La metafora e le parole sono di Tomás Vaccarezza. È a capo della Procura n. 17 specializzata in reati informatici di Buenos Aires e riceve LA NACION nel suo ufficio, dove non trascorre molto tempo. Le indagini sul campo, la conduzione di processi contro i pedofili o l'accompagnamento delle forze di sicurezza durante le retate occupano quasi tutto il loro tempo lavorativo.
Vaccarezza ha 27 anni di esperienza nel sistema giudiziario e 15 anni dedicati alle indagini sui crimini commessi da adulti contro l'integrità sessuale di ragazze, ragazzi e adolescenti . L'intervista è appena iniziata quando riceve una chiamata che lo informa di un raid e dell'arresto di un possibile predatore sessuale di minori online, o "groomer". In mezzo a questa confusione, spiega come operano questi criminali e offre alcune notizie incoraggianti: sebbene i casi di molestie sui minori siano in aumento, prevede che si stabilizzeranno gradualmente "grazie all'istruzione digitale nelle scuole e all'informazione sui media".

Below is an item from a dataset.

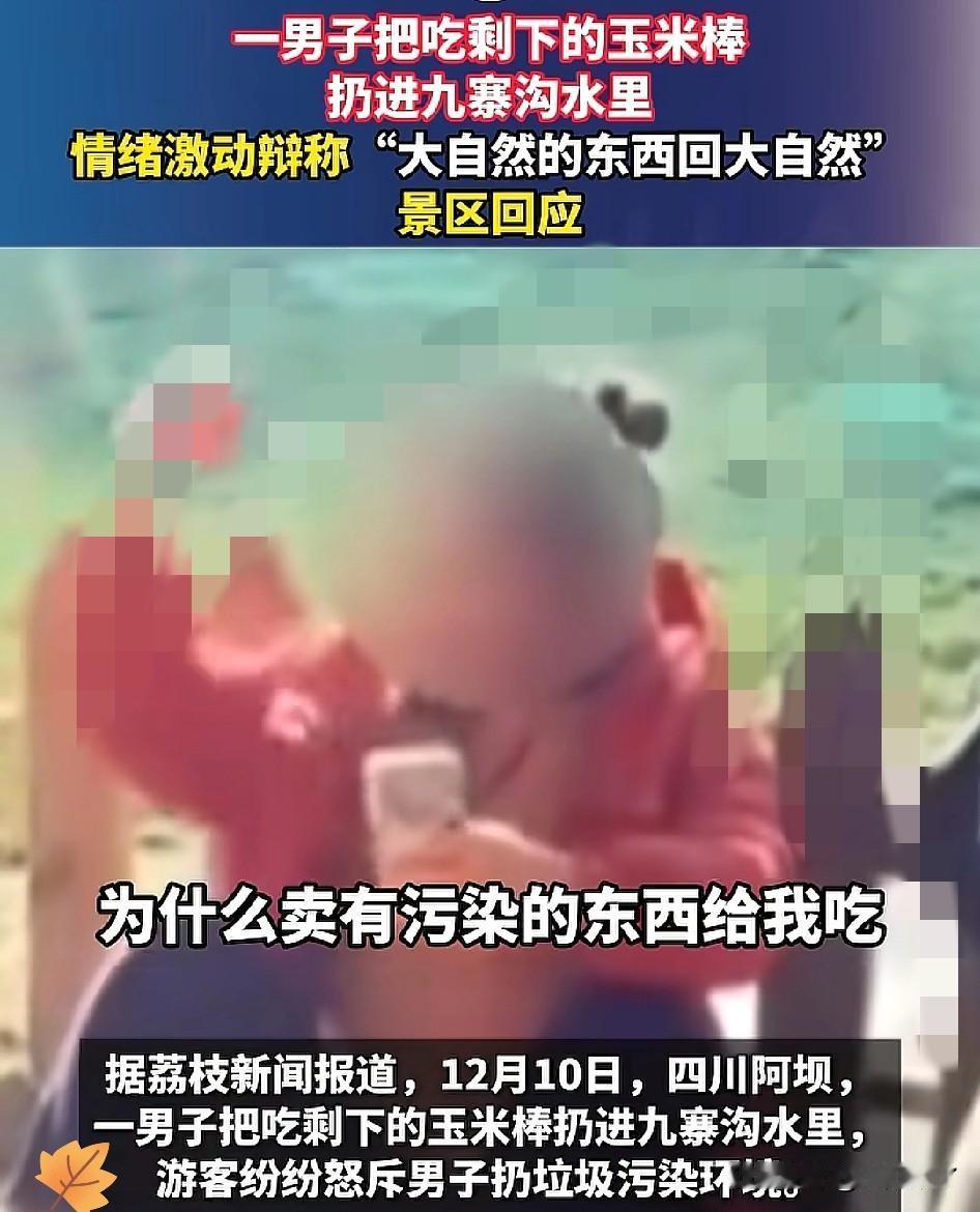 四川一男子去九寨沟旅游,竟然把吃剩下的玉米棒,直接扔进九寨沟水里,被游客怒斥后不仅不羞愧,还扯着嗓子强词夺理! 他叫嚣着“玉米是大自然的东西,扔回大自然没错”,甚至反问景区为啥卖“有污染”的玉米! 这哪是什么“回归自然”,分明是偷换概念的无赖行径! 玉米棒一旦被食用丢弃,就成了该妥善处理的垃圾,扔进湖里既破坏美景,还可能让水生生物误食,危害脆弱的生态环境! 九寨沟的水清得能看见湖底石头,那是靠严格保护才有的世界级美景,不是谁都能糟蹋的“私人垃圾桶”! 家里的坏习惯别往公共景区带,素质这东西,真不是光长年纪就能有的! 你们对此事怎么看?

Ma avverte subito: i rischi a cui sono esposti i bambini sono principalmente il cyberbullismo o adescamento, che nel CABA sono aumentati di quasi il 21% tra il 2022 e il 2024, e i reati di distribuzione, diffusione e produzione di immagini di sfruttamento sessuale dei minori, che sono in netto aumento, non solo nel CABA ma in tutto il Paese: "L'Argentina è un grande consumatore di questo materiale rispetto ad altri Paesi, il che è preoccupante perché è indicativo dell'elevato numero di pedofili nel Paese".
−In un'epoca in cui i bambini hanno accesso a un telefono cellulare in media dall'età di 9 anni , qual è il modo principale in cui i pedofili o gli adescatori contattano i bambini?
−Il rischio è multidirezionale. Iniziano a giocare a giochi come Roblox, su Play; sui social network, come Instagram o TikTok; o su qualsiasi tipo di piattaforma in cui sia possibile accedere a una chat. Il pedofilo del web non pesca con le mosche, pesca con la dinamite. Oggi sono presenti su qualsiasi tipo di app e possono molestare decine di persone contemporaneamente.
−Di solito operi seguendo uno schema specifico?
−Si finge un ragazzo e gradualmente fa amicizia con lui, con l'intenzione di chiedergli in seguito immagini intime o sessuali. Può portare a un incontro e ad abusi. Capita anche che molte volte a fare parte dell'universo infantile sia un insegnante, uno psicologo o un allenatore che inizia a prendere contatto con il mondo virtuale con la scusa, ad esempio, di formare un gruppo di gioco online.
-Qual è il modo in cui riescono a convincere il ragazzo a fare ciò che gli chiedono?
−La cosa più comune è dirgli che se non continuerà a inviare immagini intime, lo dirà ai suoi genitori o le condividerà con il suo gruppo di amici. Perché la cosa più probabile è che un amico del ragazzo abbia ricevuto un invito da quella persona. E quell'amico, vedendo che quella persona è amica del suo amico, lo accetta. In ogni caso, bisogna sapere che la vittima è sempre il ragazzo.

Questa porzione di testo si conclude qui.